__Assignment__
Using the data below, restate exactly every line from the one with "Black V-neck Knitted Sweater Top" up to and including the one with "Is there anything". No picture belongs in it.

__Source material__
§ §
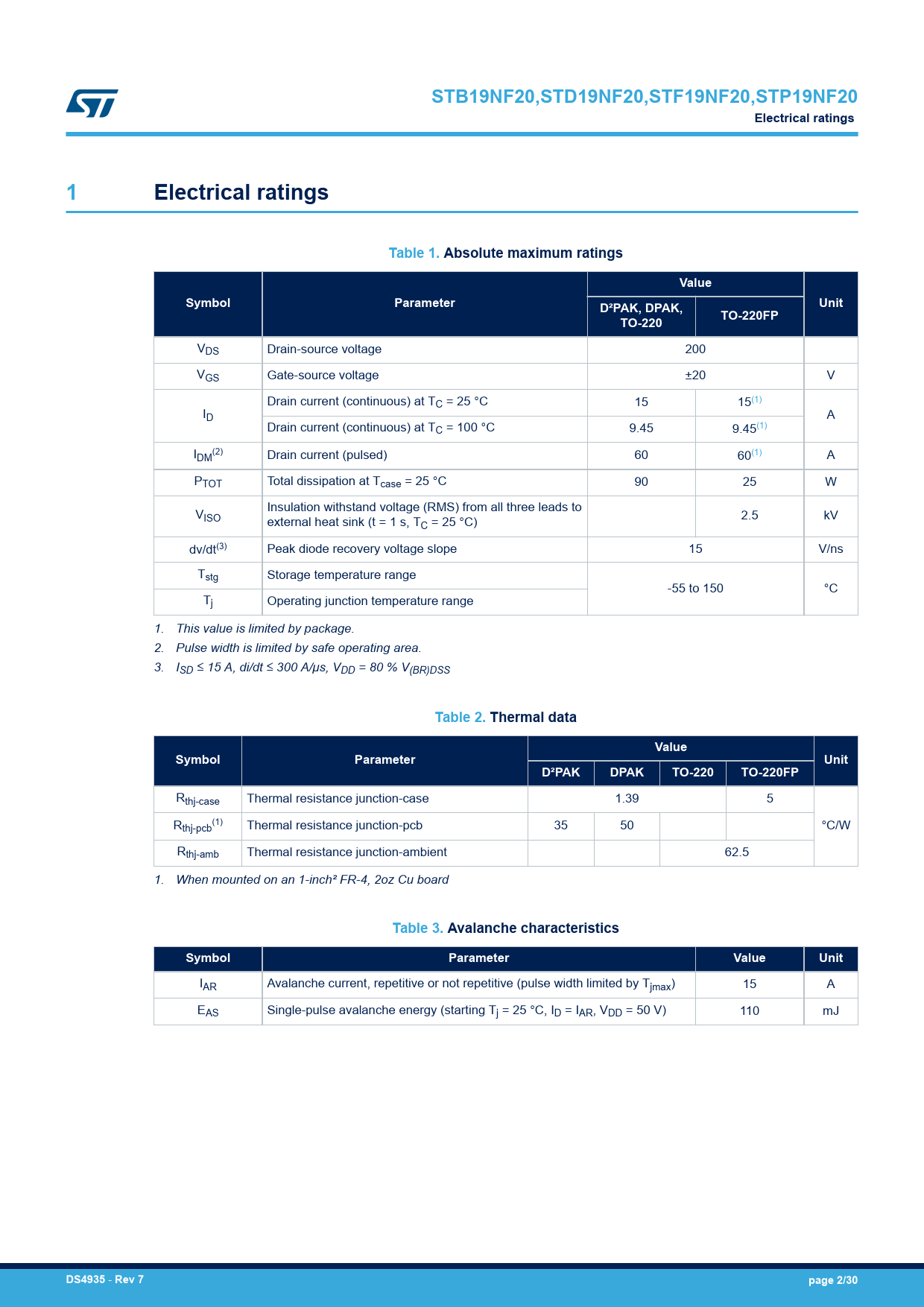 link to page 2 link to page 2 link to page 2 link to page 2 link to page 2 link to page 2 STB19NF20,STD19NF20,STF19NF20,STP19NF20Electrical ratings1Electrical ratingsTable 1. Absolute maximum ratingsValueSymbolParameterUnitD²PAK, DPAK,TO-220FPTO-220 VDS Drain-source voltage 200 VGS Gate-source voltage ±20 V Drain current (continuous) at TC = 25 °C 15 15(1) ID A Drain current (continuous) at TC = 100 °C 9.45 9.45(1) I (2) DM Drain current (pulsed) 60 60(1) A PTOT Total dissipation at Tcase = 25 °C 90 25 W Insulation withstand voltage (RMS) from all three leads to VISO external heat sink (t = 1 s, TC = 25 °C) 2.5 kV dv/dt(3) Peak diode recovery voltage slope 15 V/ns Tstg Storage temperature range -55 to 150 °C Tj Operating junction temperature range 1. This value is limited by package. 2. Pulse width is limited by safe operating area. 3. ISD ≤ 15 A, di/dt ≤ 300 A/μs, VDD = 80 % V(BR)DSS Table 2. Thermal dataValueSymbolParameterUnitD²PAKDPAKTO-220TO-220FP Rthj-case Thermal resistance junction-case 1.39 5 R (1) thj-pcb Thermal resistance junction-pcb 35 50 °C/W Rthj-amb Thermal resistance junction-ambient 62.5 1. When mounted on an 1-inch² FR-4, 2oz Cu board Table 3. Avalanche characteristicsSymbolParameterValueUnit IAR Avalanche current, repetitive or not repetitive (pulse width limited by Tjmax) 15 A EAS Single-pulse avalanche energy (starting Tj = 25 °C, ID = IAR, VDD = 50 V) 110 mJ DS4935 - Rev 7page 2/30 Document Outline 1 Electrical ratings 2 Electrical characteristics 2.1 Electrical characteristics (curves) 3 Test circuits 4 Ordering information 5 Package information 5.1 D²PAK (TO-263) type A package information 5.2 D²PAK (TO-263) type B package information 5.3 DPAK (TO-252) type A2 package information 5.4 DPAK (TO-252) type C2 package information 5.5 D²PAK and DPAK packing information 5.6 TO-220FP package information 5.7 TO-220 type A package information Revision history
§ §
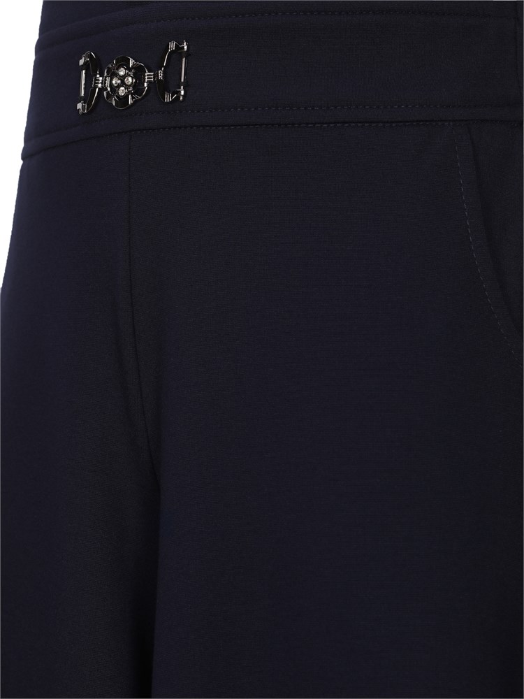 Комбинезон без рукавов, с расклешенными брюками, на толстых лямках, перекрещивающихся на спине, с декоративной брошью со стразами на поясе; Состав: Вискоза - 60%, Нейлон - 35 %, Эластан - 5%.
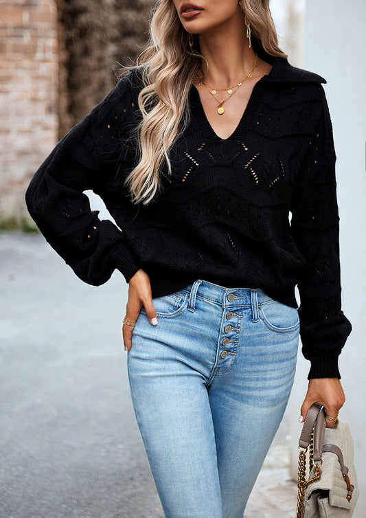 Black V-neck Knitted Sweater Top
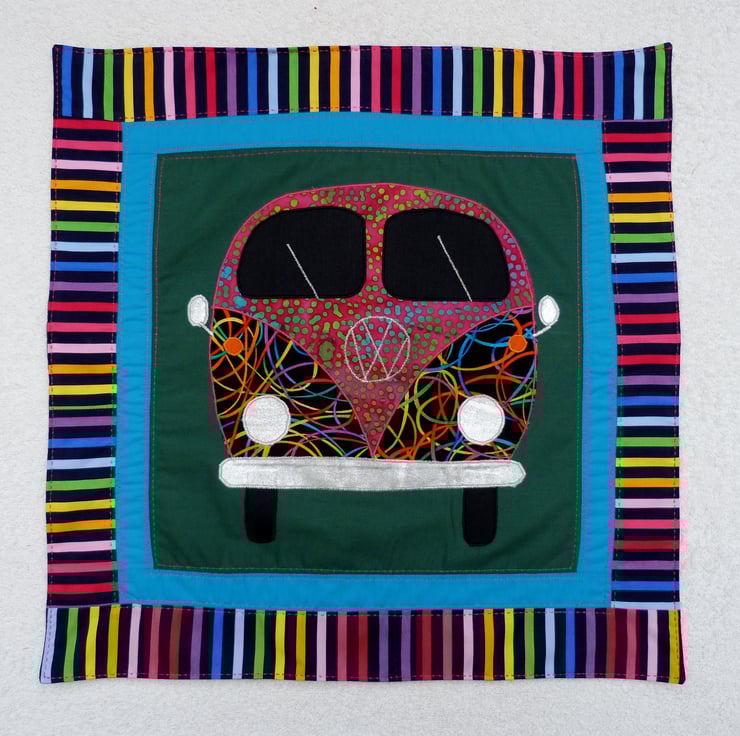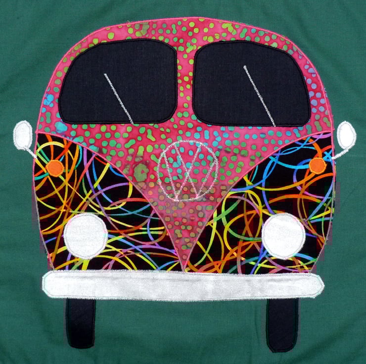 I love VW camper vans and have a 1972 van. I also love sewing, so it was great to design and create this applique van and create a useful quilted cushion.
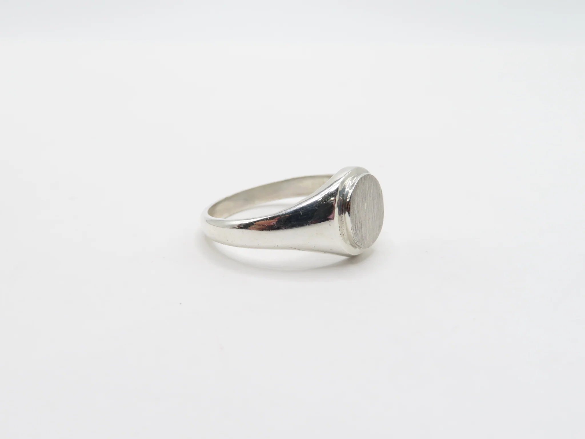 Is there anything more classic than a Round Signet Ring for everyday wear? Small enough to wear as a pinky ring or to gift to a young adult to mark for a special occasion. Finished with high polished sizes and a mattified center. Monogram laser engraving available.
§ §
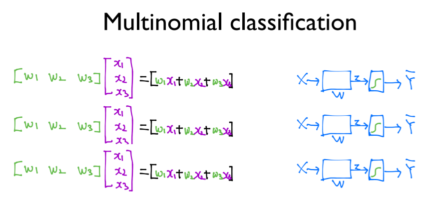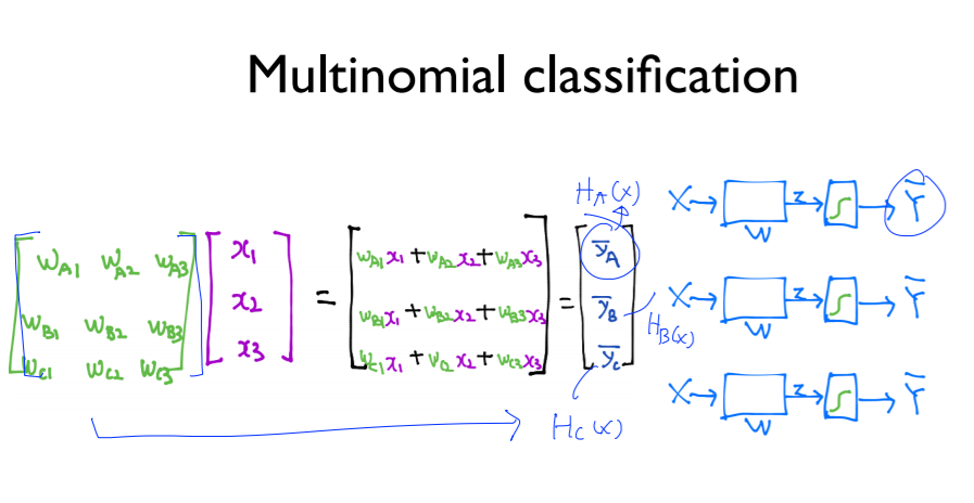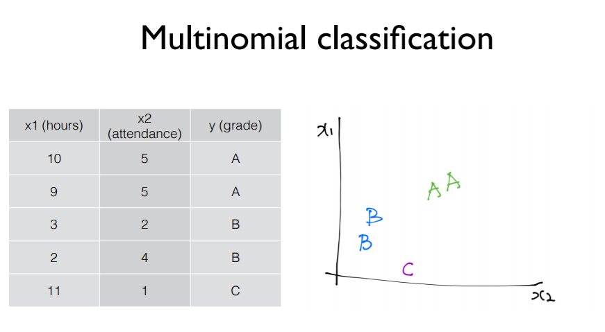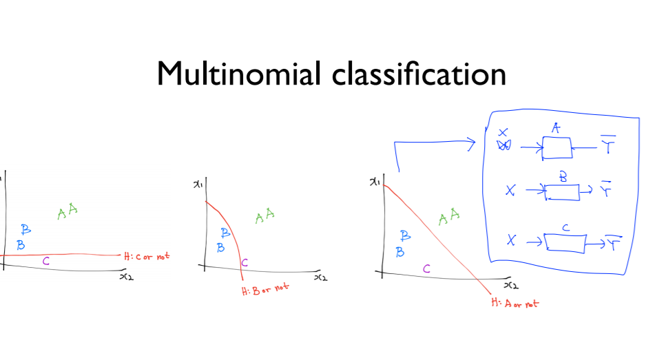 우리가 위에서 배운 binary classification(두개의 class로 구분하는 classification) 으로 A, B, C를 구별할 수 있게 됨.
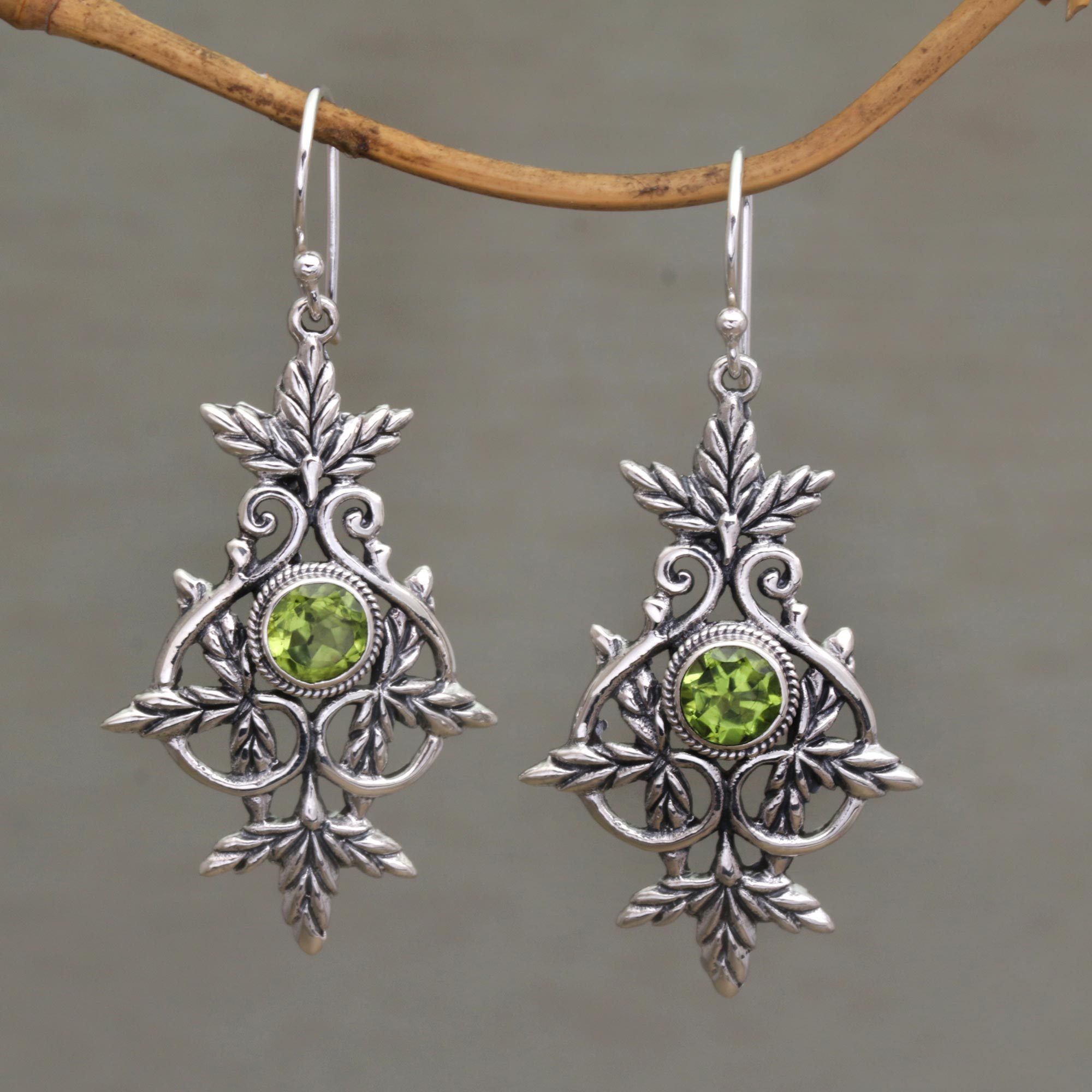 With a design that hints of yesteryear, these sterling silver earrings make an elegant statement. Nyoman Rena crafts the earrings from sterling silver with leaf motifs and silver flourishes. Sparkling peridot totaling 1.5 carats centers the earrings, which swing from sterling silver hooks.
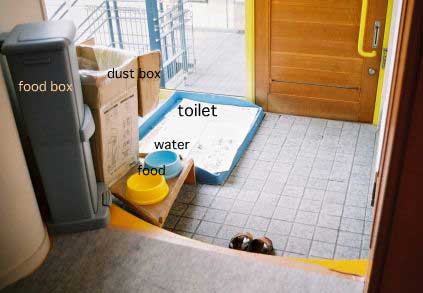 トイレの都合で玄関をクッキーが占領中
§ §
__Exercise solution__
 Black V-neck Knitted Sweater Top
 I love VW camper vans and have a 1972 van. I also love sewing, so it was great to design and create this applique van and create a useful quilted cushion.
 Is there anything more classic than a Round Signet Ring for everyday wear? Small enough to wear as a pinky ring or to gift to a young adult to mark for a special occasion. Finished with high polished sizes and a mattified center. Monogram laser engraving available.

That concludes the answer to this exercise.